Exercise inputs:
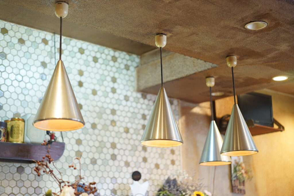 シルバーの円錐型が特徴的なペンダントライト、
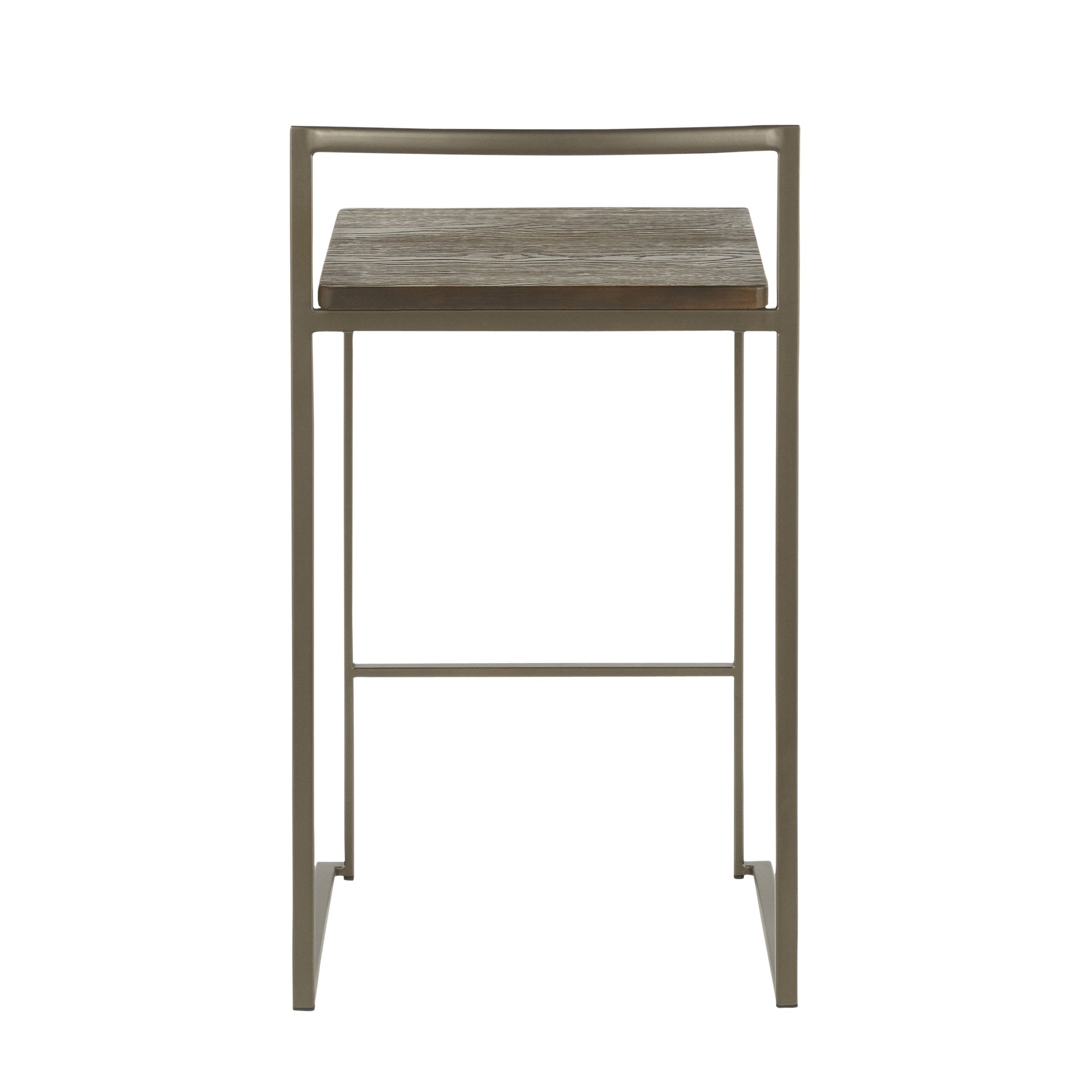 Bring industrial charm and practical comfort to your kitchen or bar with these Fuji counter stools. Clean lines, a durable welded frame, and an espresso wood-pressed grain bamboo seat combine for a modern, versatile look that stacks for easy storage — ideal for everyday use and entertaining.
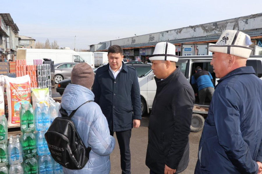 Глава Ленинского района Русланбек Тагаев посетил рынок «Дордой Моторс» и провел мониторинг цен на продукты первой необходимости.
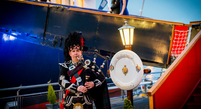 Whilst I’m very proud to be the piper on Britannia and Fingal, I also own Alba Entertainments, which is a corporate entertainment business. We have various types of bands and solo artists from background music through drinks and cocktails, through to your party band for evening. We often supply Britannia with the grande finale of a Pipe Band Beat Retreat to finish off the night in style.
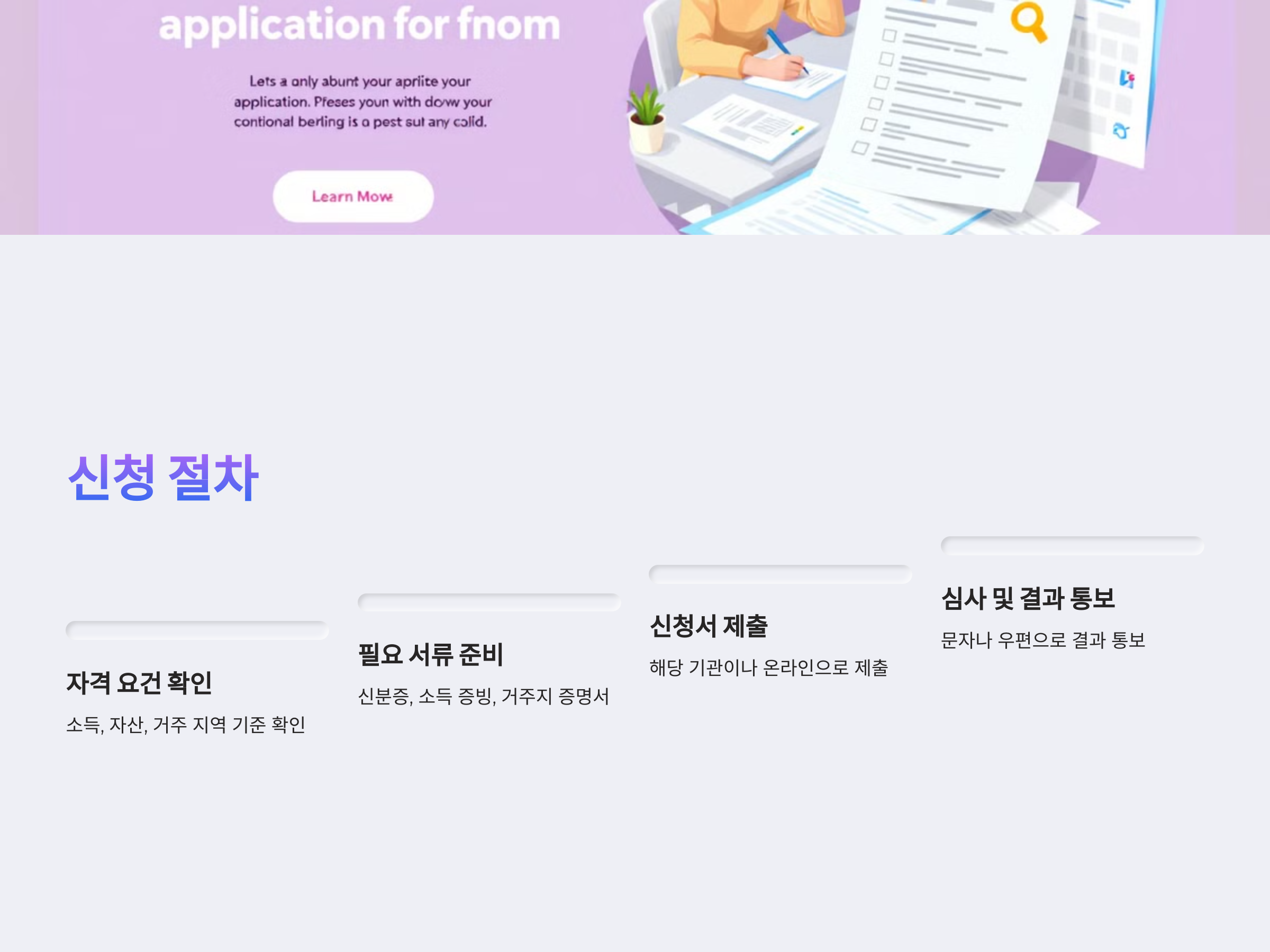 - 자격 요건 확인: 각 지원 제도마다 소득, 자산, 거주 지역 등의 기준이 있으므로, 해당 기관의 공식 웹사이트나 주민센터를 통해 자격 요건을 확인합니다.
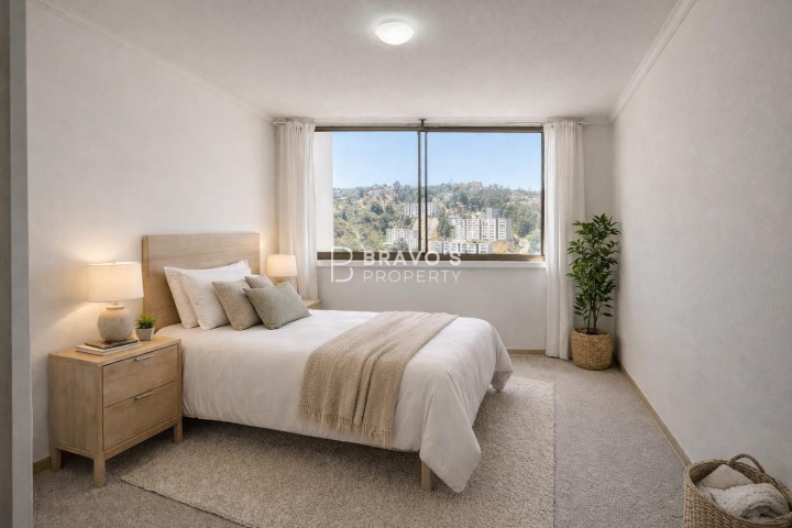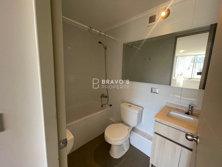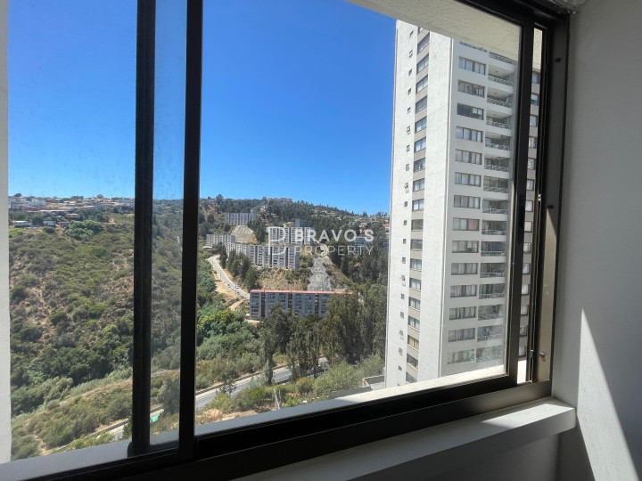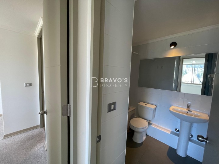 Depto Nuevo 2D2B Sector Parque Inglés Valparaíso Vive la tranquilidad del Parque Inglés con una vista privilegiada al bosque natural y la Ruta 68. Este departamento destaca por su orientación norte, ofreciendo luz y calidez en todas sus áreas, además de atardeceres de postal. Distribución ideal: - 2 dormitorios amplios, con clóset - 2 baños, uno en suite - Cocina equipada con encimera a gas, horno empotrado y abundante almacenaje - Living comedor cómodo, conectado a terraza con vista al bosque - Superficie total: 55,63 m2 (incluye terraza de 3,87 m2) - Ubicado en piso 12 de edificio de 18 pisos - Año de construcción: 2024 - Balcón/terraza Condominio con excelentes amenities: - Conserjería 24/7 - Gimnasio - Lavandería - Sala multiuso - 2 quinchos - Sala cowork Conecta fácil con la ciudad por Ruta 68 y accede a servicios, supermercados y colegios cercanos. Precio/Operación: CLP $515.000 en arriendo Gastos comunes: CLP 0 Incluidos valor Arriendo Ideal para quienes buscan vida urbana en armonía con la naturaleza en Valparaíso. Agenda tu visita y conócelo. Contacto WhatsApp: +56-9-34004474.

Your objective:
Each line of the data above is to be output exactly; the pictures are not to appear.

Response to this exercise:
 シルバーの円錐型が特徴的なペンダントライト、
 Bring industrial charm and practical comfort to your kitchen or bar with these Fuji counter stools. Clean lines, a durable welded frame, and an espresso wood-pressed grain bamboo seat combine for a modern, versatile look that stacks for easy storage — ideal for everyday use and entertaining.
 Глава Ленинского района Русланбек Тагаев посетил рынок «Дордой Моторс» и провел мониторинг цен на продукты первой необходимости.
 Whilst I’m very proud to be the piper on Britannia and Fingal, I also own Alba Entertainments, which is a corporate entertainment business. We have various types of bands and solo artists from background music through drinks and cocktails, through to your party band for evening. We often supply Britannia with the grande finale of a Pipe Band Beat Retreat to finish off the night in style.
 - 자격 요건 확인: 각 지원 제도마다 소득, 자산, 거주 지역 등의 기준이 있으므로, 해당 기관의 공식 웹사이트나 주민센터를 통해 자격 요건을 확인합니다.
 Depto Nuevo 2D2B Sector Parque Inglés Valparaíso Vive la tranquilidad del Parque Inglés con una vista privilegiada al bosque natural y la Ruta 68. Este departamento destaca por su orientación norte, ofreciendo luz y calidez en todas sus áreas, además de atardeceres de postal. Distribución ideal: - 2 dormitorios amplios, con clóset - 2 baños, uno en suite - Cocina equipada con encimera a gas, horno empotrado y abundante almacenaje - Living comedor cómodo, conectado a terraza con vista al bosque - Superficie total: 55,63 m2 (incluye terraza de 3,87 m2) - Ubicado en piso 12 de edificio de 18 pisos - Año de construcción: 2024 - Balcón/terraza Condominio con excelentes amenities: - Conserjería 24/7 - Gimnasio - Lavandería - Sala multiuso - 2 quinchos - Sala cowork Conecta fácil con la ciudad por Ruta 68 y accede a servicios, supermercados y colegios cercanos. Precio/Operación: CLP $515.000 en arriendo Gastos comunes: CLP 0 Incluidos valor Arriendo Ideal para quienes buscan vida urbana en armonía con la naturaleza en Valparaíso. Agenda tu visita y conócelo. Contacto WhatsApp: +56-9-34004474.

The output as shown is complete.